**Problem to work on**
Leave out pictures; repeat exactly the lines from the "la nef) | |||" line through the last of the data below.

**Source material**
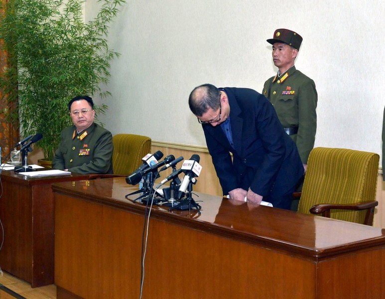 当地时间3月26日,朝鲜平壤,朝鲜举行发布会称,去年9月和12月逮捕了两名韩国间谍,这两名间谍受美韩两国指使,多次窃取朝鲜劳动党和国家情报、军事秘密等,并在朝鲜境内散发反朝宣传物,破坏朝鲜社会制度和稳定。图为当地时间3月26日,朝鲜平壤,一名被认为是韩国间谍的男子对自己进行间谍活动的事实供认不讳并公开道歉。
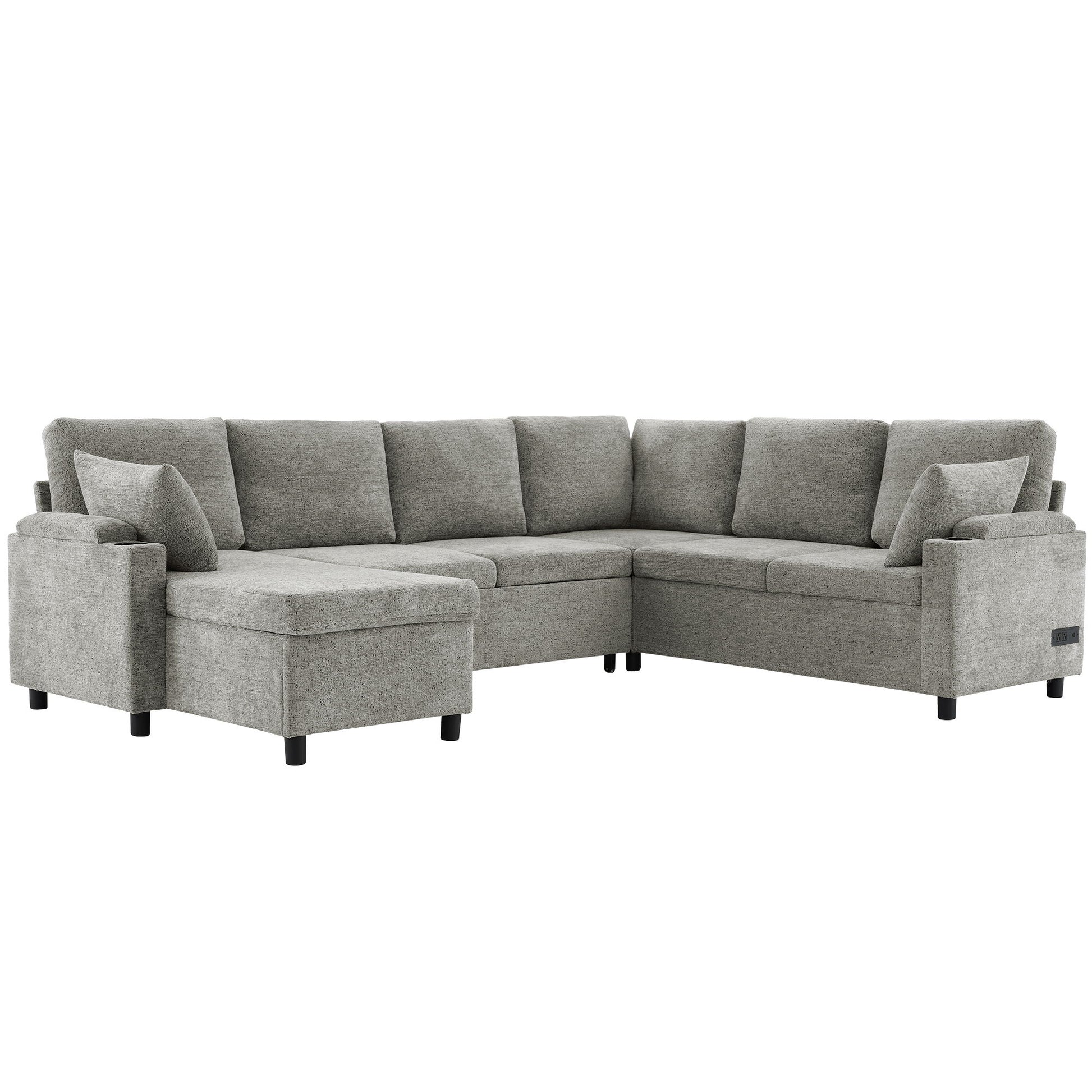 Sectional Sofa Versatile Sofa Bed Sofa Sleeper U - Shaped Sofa With Ample Storage Space, 2 Cup Holders And Charging Ports For Living Room - Light Gray
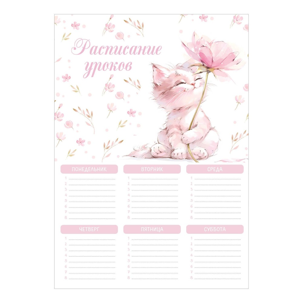 Расписание уроков А4 "Кот с цветком" выб. УФ-лак, 235гр/м2
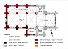 | Autres campagnes de travaux | dernier quart XVe siècle (chapelle servant de sacristie) ; 2e quart XVIe siècle (bas-côté et voûtement de la nef) | |||
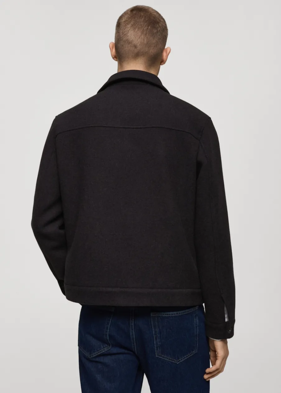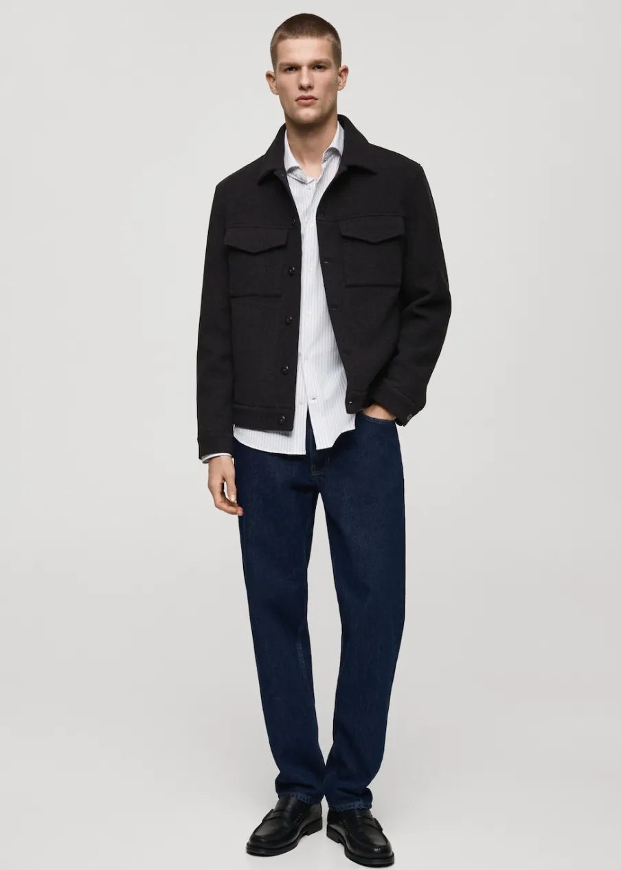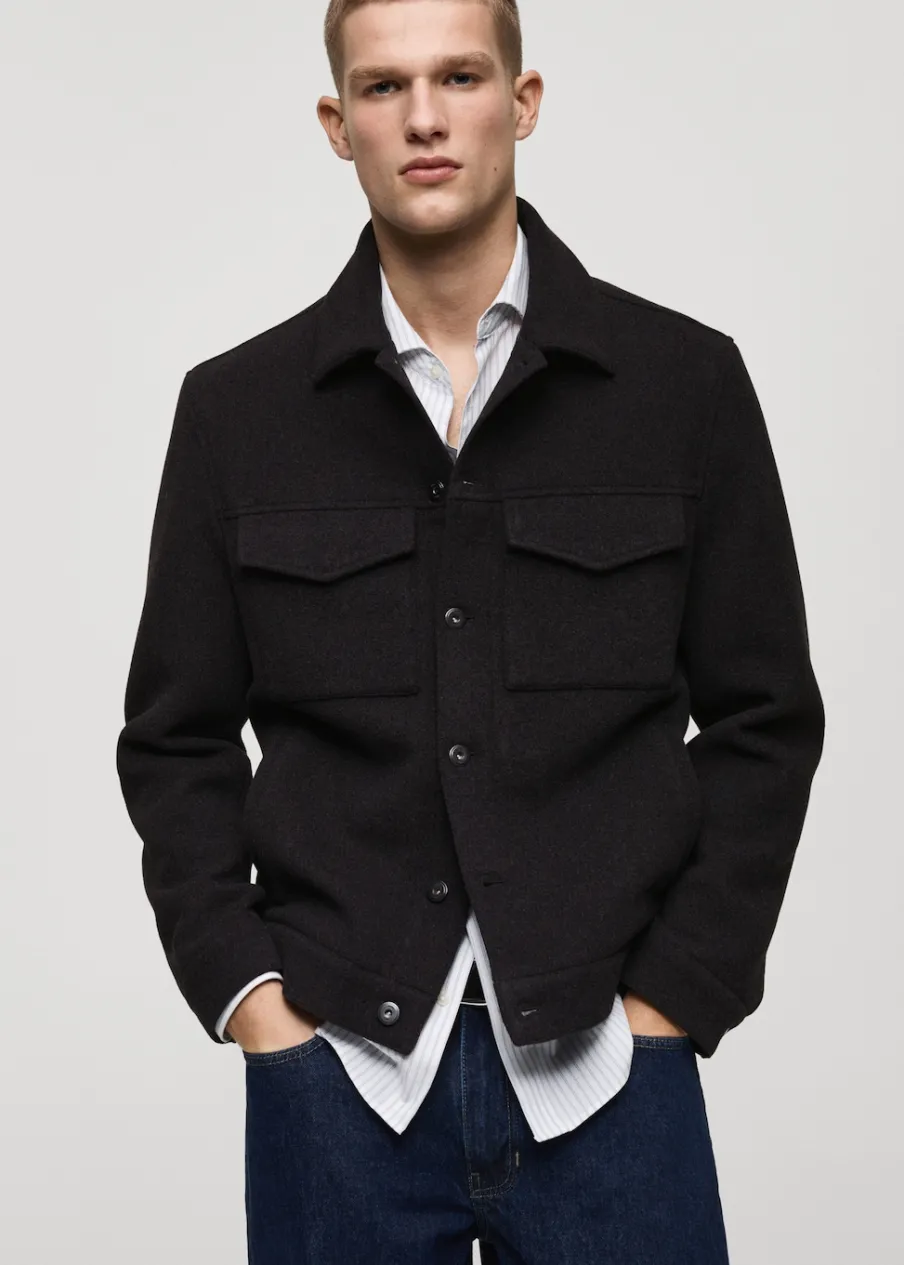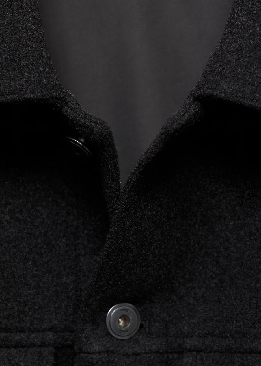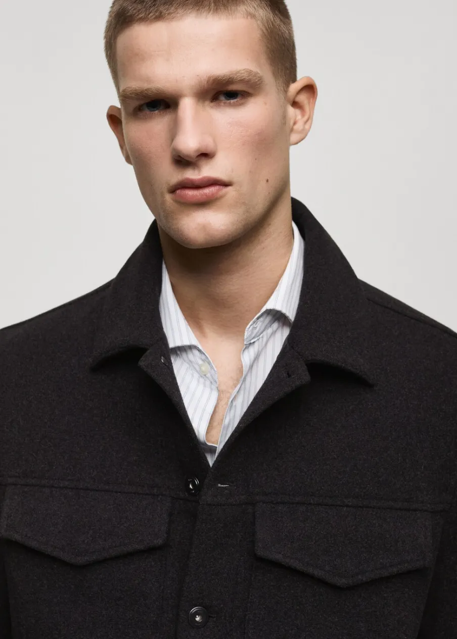 Tkanina mieszanka wełny. Krój regular. Koszulowy kołnierz. Zapięcie na metalowe guziki z przodu. Długi rękaw z guzikami na mankietach. Prosty dół. Wewnętrzna podszewka. Wewnętrzna kieszeń. Model ma 190 cm wzrostu i nosi rozmiar M.

**Output for this task**
 | Autres campagnes de travaux | dernier quart XVe siècle (chapelle servant de sacristie) ; 2e quart XVIe siècle (bas-côté et voûtement de la nef) | |||
 Tkanina mieszanka wełny. Krój regular. Koszulowy kołnierz. Zapięcie na metalowe guziki z przodu. Długi rękaw z guzikami na mankietach. Prosty dół. Wewnętrzna podszewka. Wewnętrzna kieszeń. Model ma 190 cm wzrostu i nosi rozmiar M.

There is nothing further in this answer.